By Jimmy Espy
Thanks to an infusion of federal cash, Commissioner Greg Hogan has decided to trim the property tax rate for county residents.
The millage rate will be reduced from 9.194 to 9.097, saving the owner of an average home in Murray County about $5 a year.
Property owners who made additions or improvements to their property, such as adding a building, could still pay more.
“It was my decision,” said Hogan on Monday. “We’re getting some money back with the CARES (Coronavirus Aid, Relief and Economic Security) Act and that’s going to help us recoup some of the revenue we lost.”
Hogan said the county could be getting as much as $1.8 million in CARES funds. That money is to be used for expenses related to the pandemic. For example, the federal funds can be used to pay for personal protective equipment for employees.

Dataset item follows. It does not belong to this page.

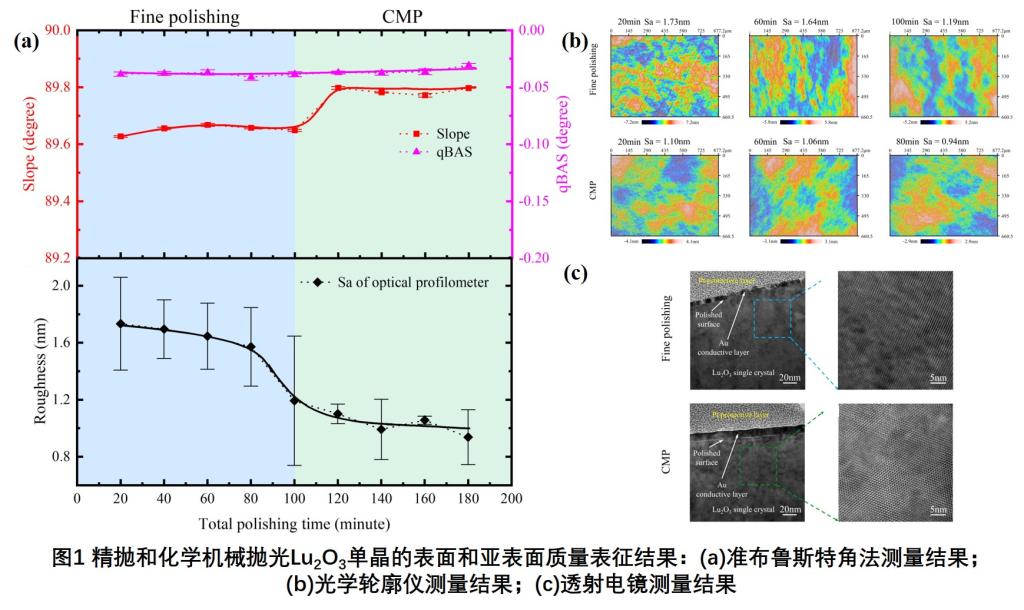 课题组为解决超精密制造领域抛光表面和亚表面损伤高效、高精度表征的迫切需求,创新性提出并发展了基于准布鲁斯特角法(qBAT)的激光晶体抛光表面和亚表面质量的高灵敏度、高精度同步检测技术,并自主开发了满足对应需求的可变角度激光椭偏测量系统。首先,针对精抛光和化学机械抛光Lu2O3单晶的表面完整性进行研究。发现在所采用抛光工艺条件下,表面质量指标(slope)揭示出表面粗糙度的亚纳米级提升过程,说明该方法的高灵敏度;亚表面损伤指标(qBAS)接近理想值且保持稳定,反映出该工艺能获得较小亚表面损伤晶体,但无法进一步提升亚表面质量,如图1所示[1]。

Hogan said the county has already received about $548,000 in CARES funds, with the rest of the money contingent on the county submitting qualified projects to be paid for with the remaining money.
The commissioner had originally planned to leave the millage rate at 9.914, which would have generated about $87,000 in new revenue. With the lower rate, the county should still net about $28,000 in new revenue because of the county’s expanded tax base.
The county advertised plans last week to keep the millage rate unchanged but Hogan reconsidered after receiving additional information from the state.